Chronic inflammation, innate immune activation, T-cell imbalance and endothelial activation have been linked with lung diseases. We sought to determine whether markers of these pathophysiologic pathways were associated with spirometry and chest CT abnormalities among adolescents living with HIV (ALWH).
We performed a cross-sectional study of ALWH (10–19 years old). Participants underwent chest CT, spirometry and venipuncture for serum biomarkers. We also collected demographic, anthropometric, T-cell subset, antiretroviral therapy, and exposure data. We compared characteristics and biomarkers by airflow obstruction (post-bronchodilator FEV 1/FVC z-score [zFEV 1/FVC] < −1.64). We used multivariable linear regression to determine associations of log 10-transformed biomarkers and chest CT abnormalities with lower post-bronchodilator zFEV 1/FVC (airflow limitation). We performed exploratory principal components analysis on biomarkers, and determined associations of factors with post-bronchodilator zFEV 1/FVC and chest CT abnormalities.
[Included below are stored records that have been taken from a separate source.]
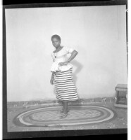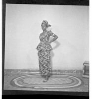905. EAP449/2/29/905 Reference (shelfmark): EAP449/2/29/905 Title: A woman wearing a dress, pagne, head wrap, and necklace standing in profile in the studio. Collection Area: Endangered Archives Programme Languages: Not applicable Date Range: 2nd half od the 20th century Extent: 1 TIFF image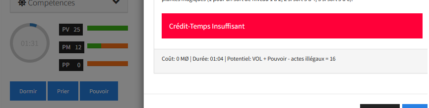 Mais le système ne détecte pas que je suis sous popo de rapidité, et me dit que c'est pas possible sous réserve de CT insuffisant.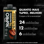 Energize seu dia com YoPRO Energy Boost UHT 15g de Proteínas Café Expresso! YoPRO é a marca especialista em criar produtos com alto teor de proteínas, práticos e deliciosos para quem busca uma rotina ativa e saudável. YoPRO é proteína, energia, sabor e praticidade para sua rotina. O YoPRO Energy BOOST UHT contém 15g de proteínas, proporcionando saciedade e auxiliando na construção e recuperação muscular¹, Whey e Caseína. É zero lactose e fonte de cálcio. Além de todos esses benefícios, conta também com uma dose de 100mg cafeína, que equivale a um expresso duplo, trazendo energia e foco para os seus treinos. É essencial para você que pratica exercícios físicos regularmente e quer dar um boost em seu desempenho. Além de auxiliar no seu consumo diário de proteínas, é um aliado para sua performance física e seu bem-estar, complementando a sua rotina de forma saudável e saborosa. Você pode consumir seu YoPRO Energy BOOST a qualquer momento, seja como parte do seu café da manhã, como lanche entre as refeições ou antes e depois dos treinos. Sua fórmula prática e deliciosa permite que você o leve para onde quiser, seja na academia ou no trabalho. CARACTERÍSTICAS • YoPRO ENERGY BOOST é mais proteínas, energia e foco pra sua rotina. • Contém 15g de proteínas por porção de 250ml. • Cada porção contém 100mg de cafeína, o equivalente a um expresso duplo. • A cafeína aumenta o estado de alerta e melhora a concentração. • Contém 9 aminoácidos essenciais, Whey e Caseína, é zero lactose e fonte de cálcio. • Prático e pronto para consumo, é perfeito para acompanhar a rotina agitada do dia a dia. • Você pode levar para qualquer lugar, a qualquer hora. • Com proteínas que ajudam na recuperação e no ganho de massa muscular¹ • Sabores deliciosos, nas versões Café expresso e Cappuccino. • Seu pré ou pós-treino proteico, prático e delicioso² • Rico em proteínas e cafeína para te ajudar a alcançar melhores resultados. ¹ aliado a uma rotina regular de treinos e alimentação saudável. ² recomendação diária de consumo é de 1 produto, e deve ser feita por maiores de 19 anos. Consulte seu médico e/ou nutricionista. Ingredientes leite e/ou leite reconstituído parcialmente desnatado, proteína concentrada de leite, proteína de soro de leite concentrada, amido modificado, café solúvel, soro de leite, cafeína, estabilizantes celulose microcristalina, citrato de sódio, carboximetilcelulose sódica e goma gelana, reguladores de acidez fosfato dipotássico e fosfato dissódico, aromatizante e edulcorante sucralose. NÃO CONTÉM GLÚTEN. ALÉRGICOS: CONTÉM LEITE E DERIVADOS. PODE CONTER SOJA.

Of 47 participants with acceptable quality spirometry, 21 (45%) were female, median age was 13 years and 96% had perinatally-acquired HIV. Median CD4 was 672 cells/μL. Overall, 28% had airflow obstruction and 78% had a chest CT abnormality; airflow obstruction was associated with mosaic attenuation ( p=0.001). Higher endothelial activation (sVCAM-1, sICAM-1), inflammation and innate immune activation (SAA, sTREM-1, sCD163), and T-cell imbalance (lower CD4/CD8) markers were associated with airflow limitation. Factors comprising endothelial and innate immune activation were associated with airflow limitation.